Week 8 · Lesson 7

Collaborative Filtering

Teaching machines to predict what you will like next

We move beyond structured tabular data into the world of recommendation systems — one of the most commercially impactful applications of deep learning.

CP3501 – Deep Learning James Cook University Semester 1, 2025

Recap: Where We Have Been

Weeks 1–6

Transfer learning with images (ResNet, FastAI)
ML fundamentals — loss, metrics, overfitting
Gradient descent — the engine of learning
NLP with Transformers (Hugging Face)
Tabular deep learning (Titanic)

Week 7

Embeddings — turning discrete categories into dense numeric vectors. This is the key idea we build on today.

The common thread

Build It → Understand It → Apply It

We always start with working code
Then we open the hood
Then we reason about design choices

Today

Collaborative Filtering — a domain where embeddings are the entire model, not just a preprocessing step.

What is a Recommender System?

A recommender system predicts a user's preference or rating for items they have not yet encountered.

Real-world examples

Netflix — "Because you watched..."
Spotify — Discover Weekly playlist
Amazon — "Customers also bought"
YouTube — next video autoplay

Two main families

Content-based — use item features (genre, director…)
Collaborative Filtering — use patterns across many users
No item features needed — just the rating data

The Rating Matrix

Collaborative filtering starts with a user–item rating matrix. Each cell is a known rating; most cells are unknown.
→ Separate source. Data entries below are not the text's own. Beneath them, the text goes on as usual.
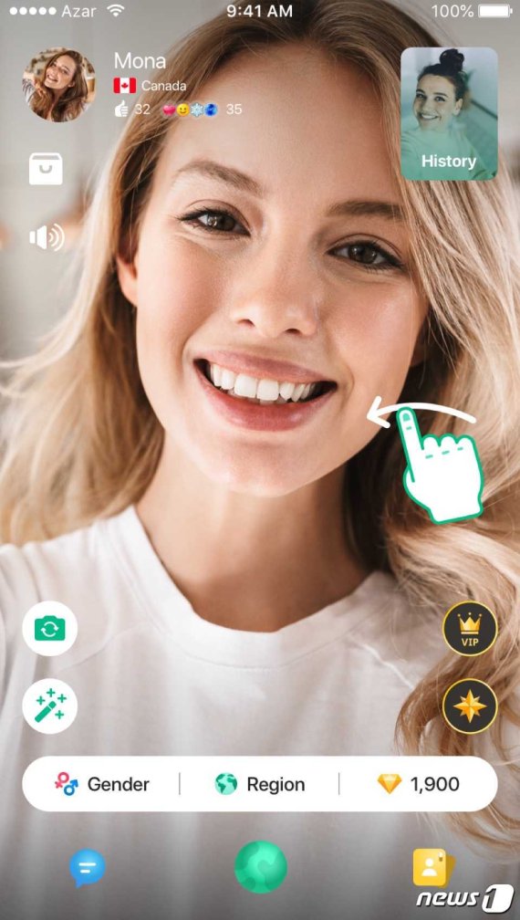 아자르는 화면을 넘기면서 새로운 이용자와 영상통화를 할 수 있는 소셜미디어로, 전 세계 230개국에서 19개 언어로 서비스되고 있다. 앱은 전 세계에서 총 4억회 이상의 다운로드 수를 기록했다.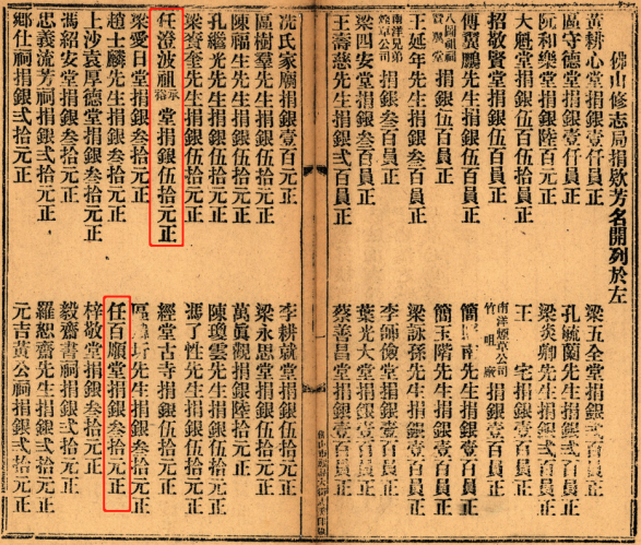 比如,道光十一年(1831年),时任大魁堂值事的任元梓与举人冼沂等重新制定赈济章程,规范义仓管理。道光二十年(1840年),任应垣与举人莫健翎、吴弥光等义仓值事募款殓葬流尸,彰显人文关怀。咸丰元年(1851年),任氏家族参与重修祖庙,任应垣、任本义联合绅士敬献“辰居式焕”牌匾。咸丰四年(1854年),任本皋参与筹办佛山团防局事务,守护地方安宁。民国佛山修志期间,任荫昌是倡修绅董之一,任氏家族以任澄波祖承裕堂、任百顺堂、任敬慎堂名义参与捐款,支持修志事业,为留存佛山地方历史贡献力量。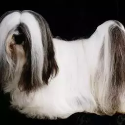 拉萨犬是食肉目犬科犬属哺乳动物。头盖狭窄,黑色的鼻子及丰厚的长毛;两颊胡须及颚部胡须很长;厚实的耳朵下垂;眼古铜色,大小中等,椭圆状;身长比身高长,背部水平,腰部强健;被毛上毛长粗且直,下毛丰厚;沿着背骨,被毛左右清楚分开;四肢以足部由密集丰厚的长毛覆盖着;前肢直,后肢肌肉十分发达;足部坚挺呈圆形,肉趾特别厚;尾毛密集,尾跟高,尾巴朝上卷曲,毛尖容易纠结在一起。寿命为12-14年。拉萨犬原产于中国西藏,现广泛分布于世界各地。吃苦耐劳、个性独立友善、聪明自信、活泼热情、忠心耿耿且沉着冷静,但对陌生人有高度的警觉性。适合饲养在家庭中。不易训练。饲养管理上,需定时修剪会进入眼睛的毛;被毛需要经常擦拭和彻底梳理,以免显得脏污蓬乱。拉萨犬是西藏地区四大名犬之一。1934年,拉萨犬被认定为独立品种。据说饲养此犬者可以增福和驱魔,以前又称“驱魔圣犬”,现在则是非常理想的家庭犬。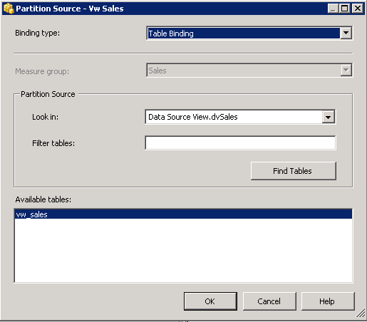 Здесь видно две группы мер Sales и Sales 1 и список их партиций. Для того, что бы разбить на партиции группу мер Sales, необходимо сначала изменить текущую партицию. Разбивать на партиции будем по дате продажи. Для этого в колонке Source для партиции жмем кнопку, которая появляется при получении этим полем фокуса ввода. Появиться окно:
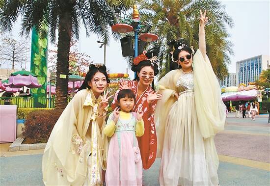 广州融创乐园里,穿着汉服的游客与模特拍照 |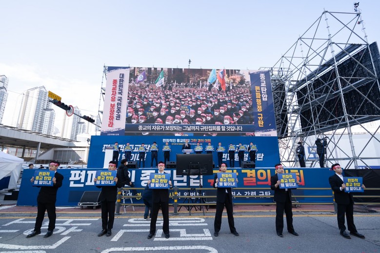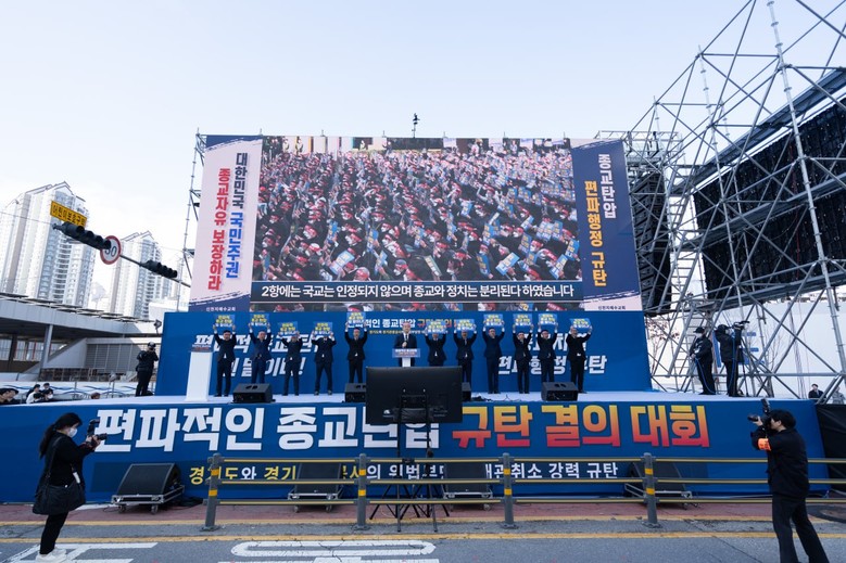 이에 대해 신천지예수교회는 앞선 입장문 등을 통해 "대관 당일 취소는 편파적 종교탄압이고 헌법 제20조 종교의 자유와 정교분리 원칙을 위반한 것"이라며 "정치가 종교에 간섭하여 종교의 자유를 침해하고 두 개의 국민을 만든 것"이라고 비판했다.
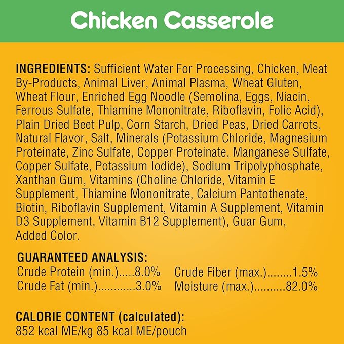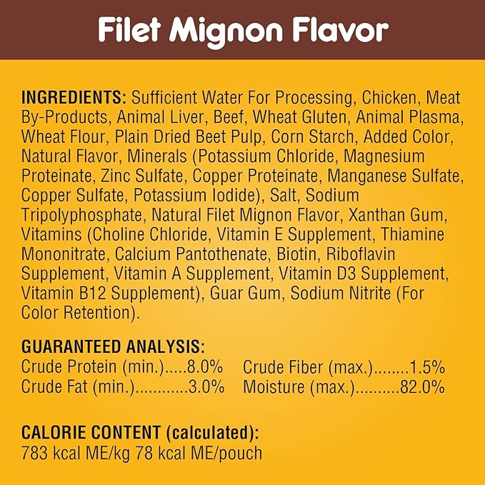 • Flavors Dogs Love: This variety pack contains 48 (3.5 oz.) pouches in the following flavors: (12) Hickory Smoked Chicken (12) Filet Mignon (12) Chicken Casserole and (12) Beef, Noodle and Vegetable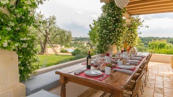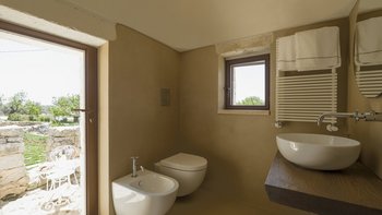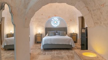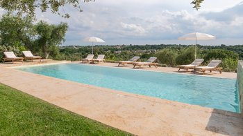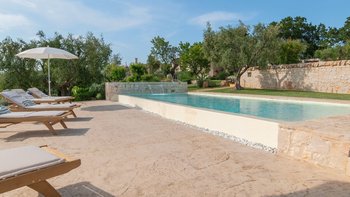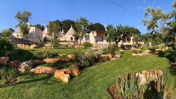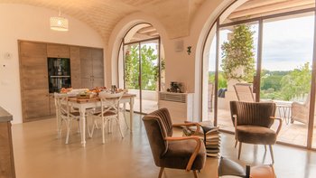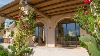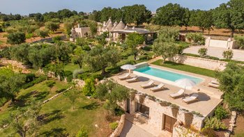 Canta Tra I Trulli ist ein stilvolles und luftiges Trullo-Anwesen, das sowohl stilvoll und auch geschmackvoll einfach ist. Deren Villa verfügt über einen OFFENER GRUNDRISS Wohn- und Essbereich mit einer maßgeschneiderten, voll ausgestatteten Küche, mit großen bogenförmigen Glastüren, die auf die möblierte Loggia blicken. Zu den weiteren Annehmlichkeiten im Freien gehören ein großer Pizzaofen, ein Bereich, der als Bar genutzt wird und ein kreisförmiger gepflasterter Bereich mit Feuerstelle und neuen weichen Sitzgelegenheiten. Deren Villa verfügt über vier sehr gut ausgestattete Schlafzimmer, jedes komplett mit modernen Duschbädern und viel Naturlicht. Draußen haben die Gäste die weitläufigen und gepflegten Gärten mit Bäumen, Sträuchern, Pflanzen und verwinkelten Wegen und sehr genossen. Der große, Privater Pool ist perfekt sonnenverwöhnt, mit herrlich weitreichendem Blick auf die apulische Landschaft.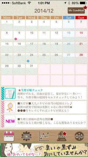 しかも、生理などの入力はワンタッチで超お手軽。続けられる工夫がされてます。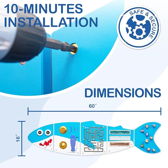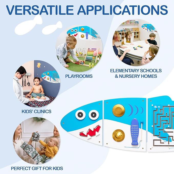 Monläurd® Shark Montessori Busy Sensory Educational Activity Cube, Wall Furniture, Interactive Wooden Learning Toys for Boys and Girls 6M+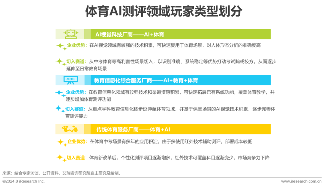 体育AI测评领域目前最主要的解决方案是便携式/一体机式和智慧操场建设2类方案,前者通常资金投入较低,且设备使用灵活,商业模式以租赁和软硬件一体化购买为主;后者通常资金投入较大,但最符合传统体育活动的开展需求,商业模式以软件算法服务采购为主。目前行业内的玩家基于自身基因选择不同切入赛道方式,AI视觉科技厂商通过“AI+体育”的方式,借助技术优势从中考体育尝试延伸至日常教学场景;教育信息化厂商通过“AI+教育+体育”的方式,借助渠道优势从传统教学场景延伸至体育场景;传统体育服务厂商通过“体育+AI”的方式,尝试在传统测评方案中加入AI技术继续保持自身竞争力,但难度较大。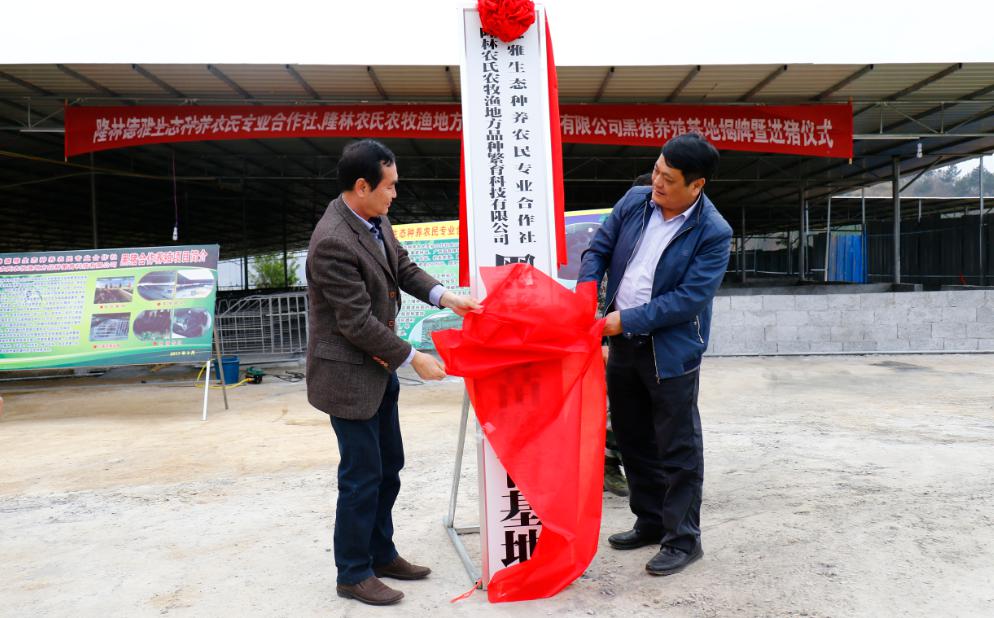雅长林场场长陈青来(右)及黄冕林场场长梁洪星(左)为黑猪养殖基地揭牌
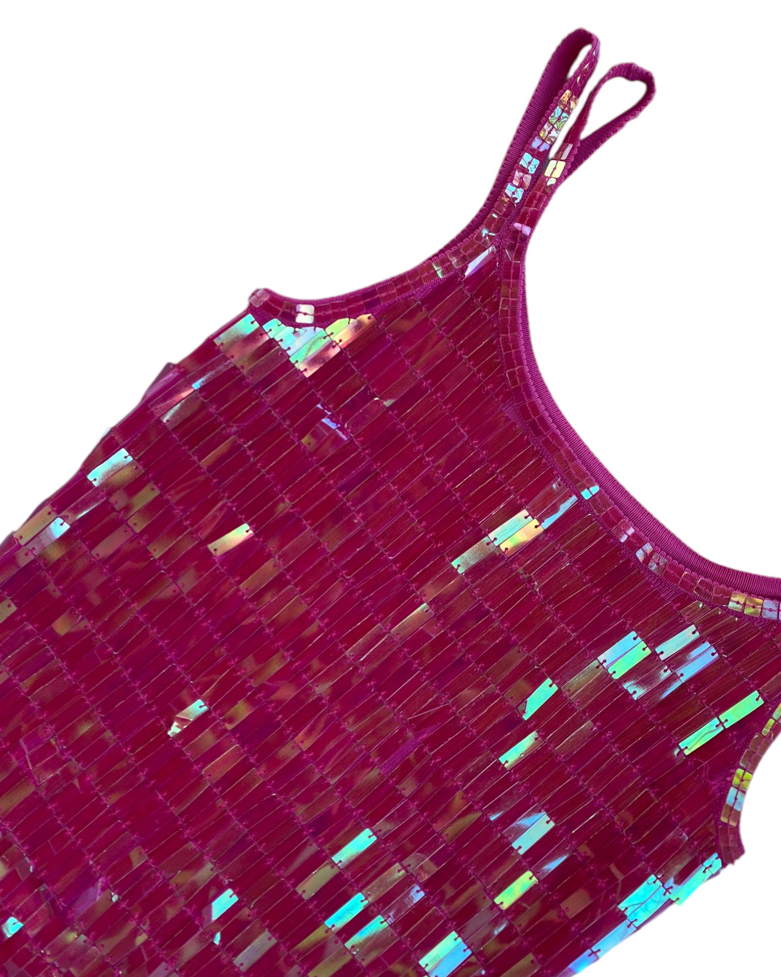TOP DE LENTEJUELAS ROSAS 65% RAYON 35% NYLON Y TELA DE PUNTO DEL MISMO COLOR QUE ESTIRA UN POCO. SIN DETALLES DE USO.
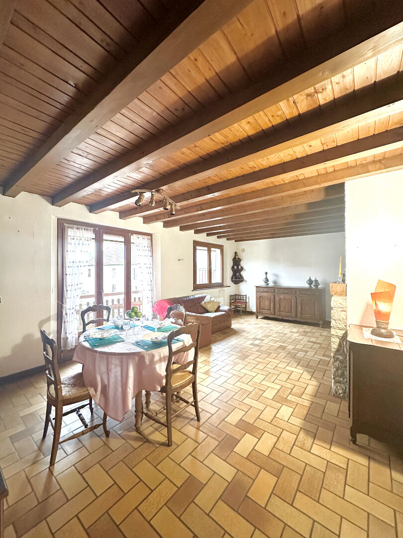 Cette maison, issue d’une ancienne ferme rénovée en 1985, se développe sur trois niveaux et offre de beaux volumes ainsi qu’un fort potentiel d’évolution. Les poutres en bois apparentes apportent un charme à l’ensemble.
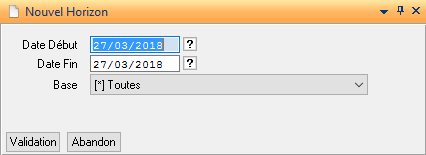 L’action « Horizon » permet d’élargir la période (date début et date de fin) à visionner et de filtrer une base en particulier.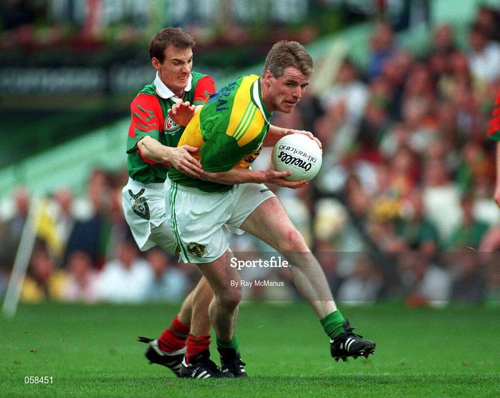 28 September 1997; Eamonn Breen, Kerry, is tackled by John Casey, Mayo. Kerry v Mayo, All Ireland Final, Croke Park, Dublin, Football. Picture credit; Ray McManus / SPORTSFILE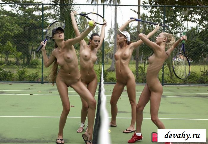 Молодость дело такое, что нужно использовать каждый день так, чтобы потом не было скучно в старости, и было что вспоминать. Вот эти четыре обнажённые девахи веселятся на полную катушку, придумывая постоянно экстравагантные развлечения для себя. На этот раз раздетые проказницы решили исполнить эротический теннис, взяв ракетки в руки и оголив все свои интимные прелести, что получилось очень маняще со стороны. Да, за таким спортом намного больше зрителей бы следили не отрывая глаз.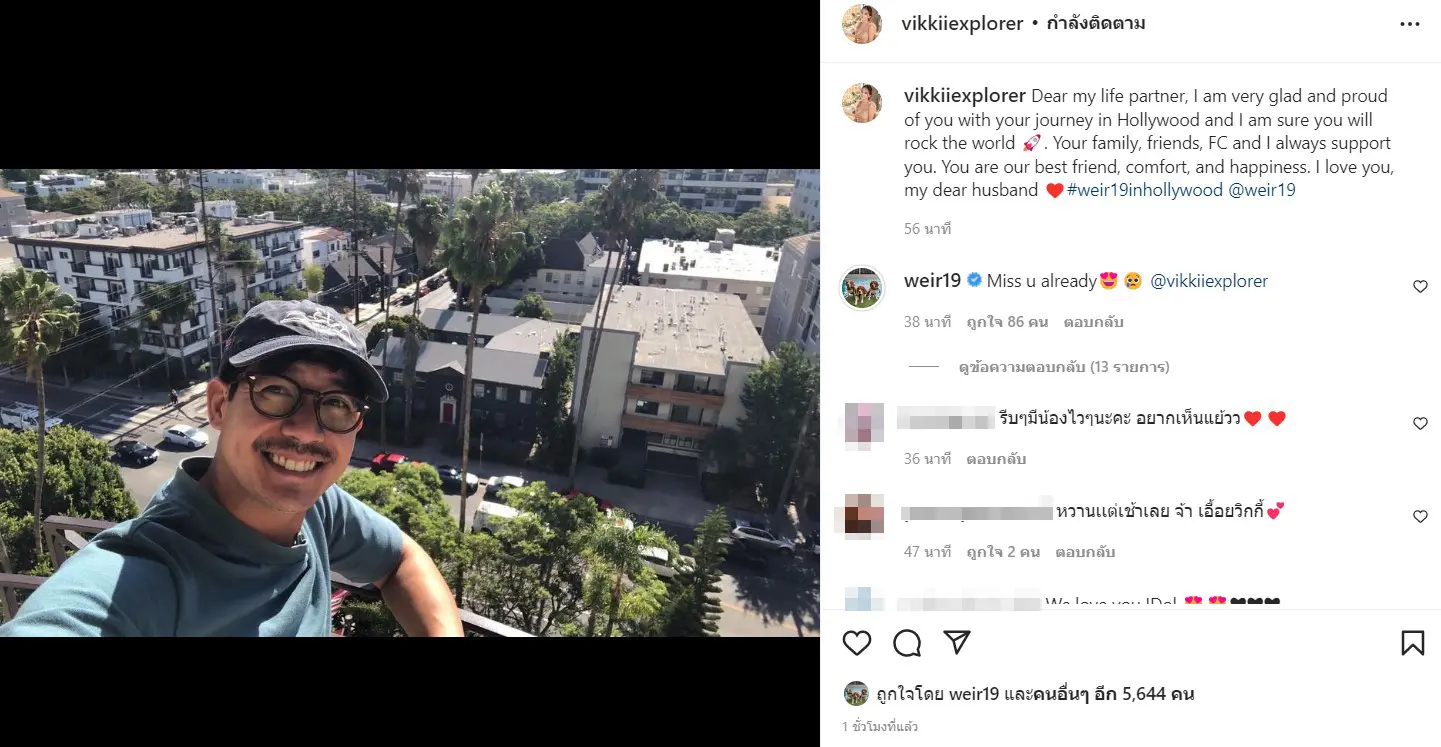 ล่าสุด วิกกี้ ได้โพสต์ภาพสามีลงอินสตราแกรมส่วนตัวพร้อมข้อความเป็นภาษาอังกฤษว่า Dear my life partner, I am very glad and proud of you with your journey in Hollywood and I am sure you will rock the world 🚀. Your family, friends, FC and I always support you. You are our best friend, comfort, and happiness. I love you, my dear husband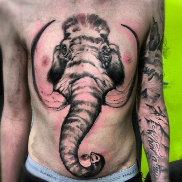 胸部腹部巨大的猛犸象头部纹身图案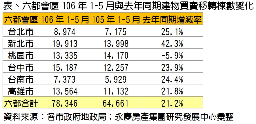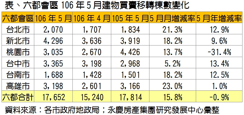 今(1)日六都會區公布5月份建物買賣移轉棟數,交易量最大為新北市4,296戶,最少則是台南市1,688戶,六都合計17,652戶,較4月增加15.8%,與去年同期比較則微幅減少0.9%。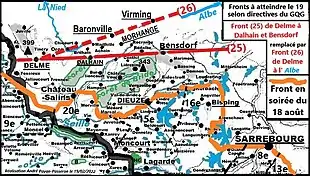 Durant cette journée du , le général Castelnau commandant la 2e armée reçoit les ordres suivants du GQG concernant la poursuite de l’offensive et le front à atteindre en soirée du . À 9 h 30, il reçoit d’abord l’ordre no 25[20] qui précise un front Delme-Dalhain-Bensdorf (noté 25 sur la carte). Mais, à 14 h, le général Castelnau reçoit l’ordre no 26[21] qui remplace le précédent : le front à atteindre est maintenant celui de Delme-Baronville-Virming-rivière Albe (noté 26 sur la carte). Un front 25 qui, en date du 19 août, est le seul mentionné et détaillé dans le JMO de la 2e armée comme dans les JMO de ses trois autres grandes unités : 68e DR (2e groupe de DR), 15e corps et 16e corps[22]. En revanche[23], la partie du front 26 « Marthille-Baronville-gare de Morhange » est celle que le général Foch a fixée[24] à ses troupes.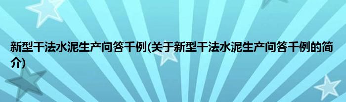 本文关于新型干法水泥生产问答千例的简介就讲解完毕,希望对大家有所帮助。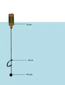 Jug fishing is an unlimited class tackle method of fishing that uses lines suspended from floating jugs to catch fish in lakes or rivers. Often, many jugs are used when jug fishing. In many states, a fisherman could use up to twenty, and jug sets of around twenty are common in practice.[1][2] Jug fishing is most common in southern states where many different kinds of people jug fish. Jugs are often put out at sunset and picked up at sunrise by the whole family.[3] Jug fishing consists of a simple setup where lines are tied onto jugs and weights can be added to the line to keep the jug's location fixed. Jug fishing is also subjected to numerous state and local water regulations that could include: the number of jugs, dates and times when jug fishing is allowed, and if jug fishing is even allowed. Many fish can be caught on jugs, but the main target of jug fishing is often catfish.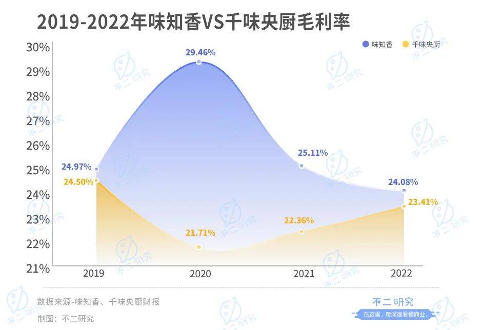 淨利潤分化與味知香、千味央廚的毛利率變化密不可分。據財報顯示,2019-2022年,味知香的毛利率分別為24.97%、29.46%、25.11%、24.08%;同期,千味央廚的毛利率為24.50%、21.71%、22.36%、23.41%。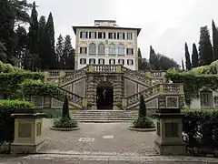 For a short period it was owned by the Italian tenor Giovanni Matteo Mario and his wife Giulia Grisi, the transaction was completed by financier N M Rothschild of London, then in 1871 the villa was purchased by Pietro Pagliano, who added a medievalizing crenellated tower, but a new, more sympathetic owner, the American Phelps Thomas, took ownership in 1882 and began a programme of free restoration and aggrandisement, to designs of the antiquarian architect Corinto Corinti (1843–1930).[3] A large central staircase was added and grand cinquecento portals. He reduced the tower, designed a new vaulted porte-cochere for carriages, overhung by a garden, which still exist, and remodelled the park by adding an Italian terraced garden and conservatories, with a pergola that Penelope Hobhouse found to resemble the wooden frames shown in woodcuts for Francesco Colonna's Hypnerotomachia Poliphili.[4] Augusto Bruschi was entrusted with decorative painting, covering walls with medieval and neo-cinquecento patterns.[1] After a sale of its contents in 1891[5] the villa passed into the hands of the Carrega di Lucedio family and then, in 1911,[6] to the art critic, journalist and founder of the art magazine Il Dedalo, Ugo Ojetti and his wife Fernanda,[7] who undertook further structural remodeling, removing many of the 19th century accretions, and installing an extensive library and many paintings and sculptures.[8] From 1973 to 1987 the Villa Il Salviatino housed Stanford University's overseas program Stanford in Italy with classrooms, offices, library, dining facilities, and students' rooms.[9]

User \ Movie	Inception	Toy Story	The Matrix	Frozen	Interstellar
Alice	5	?	4	?	5
Bob	?	5	?	4	?
Carol	3	4	?	5	2
Dave	?	?	5	?	4

The core problem

Given the known ratings (numbers), predict the missing ones (?). This is a matrix completion problem.

Key insight

Alice and Dave both love Sci-Fi (Inception, The Matrix, Interstellar). So Alice's rating for The Matrix is a good signal for Dave's missing ratings too.

The Sparsity Problem

In reality the matrix is extremely sparse. Netflix has ~200M users and ~15,000 titles. Each user rates a tiny fraction.

Sparsity example

200,000,000 users × 15,000 titles = 3 trillion possible ratings
A user who rates 50 movies fills only 0.00033% of their row
Over 99.99% of the matrix is empty!

Why CF still works

Even sparse data contains strong patterns. Users who agree on rated items tend to agree on unrated ones too.

Check Your Understanding

Knowledge Check 1

Collaborative Filtering makes predictions based on:

Try again

Knowledge Check 2

In a user–item rating matrix, most cells are empty. What does each empty cell represent?

Try again

Matrix Factorisation: The Core Idea

We decompose the rating matrix R into two smaller matrices: one for users, one for items.

User embedding row

A vector of k numbers that encodes Alice's taste profile across k hidden dimensions.

Item embedding column

A vector of k numbers encoding how much a movie "contains" each hidden dimension.

Latent Factors: What Do They Capture?

We never label the latent dimensions — the model discovers them automatically. But after training we can interpret what they seem to represent.

The magic of latent factors

Each user gets a k-dimensional vector. Each item gets a k-dimensional vector. A user who scores high on "Sci-Fi" will be matched with movies that also score high on "Sci-Fi" — even though neither label was ever given to the model.

Predicting Ratings: The Dot Product

To predict how much user u will like item i, we compute the dot product of their embedding vectors.

r̂_ui = u_u · v_i = Σ_k u_uk × v_ik

High dot product

User and item point in similar directions — they share common "tastes". High predicted rating.

Low (or negative) dot product

User and item point in different directions — mismatched preferences. Low predicted rating.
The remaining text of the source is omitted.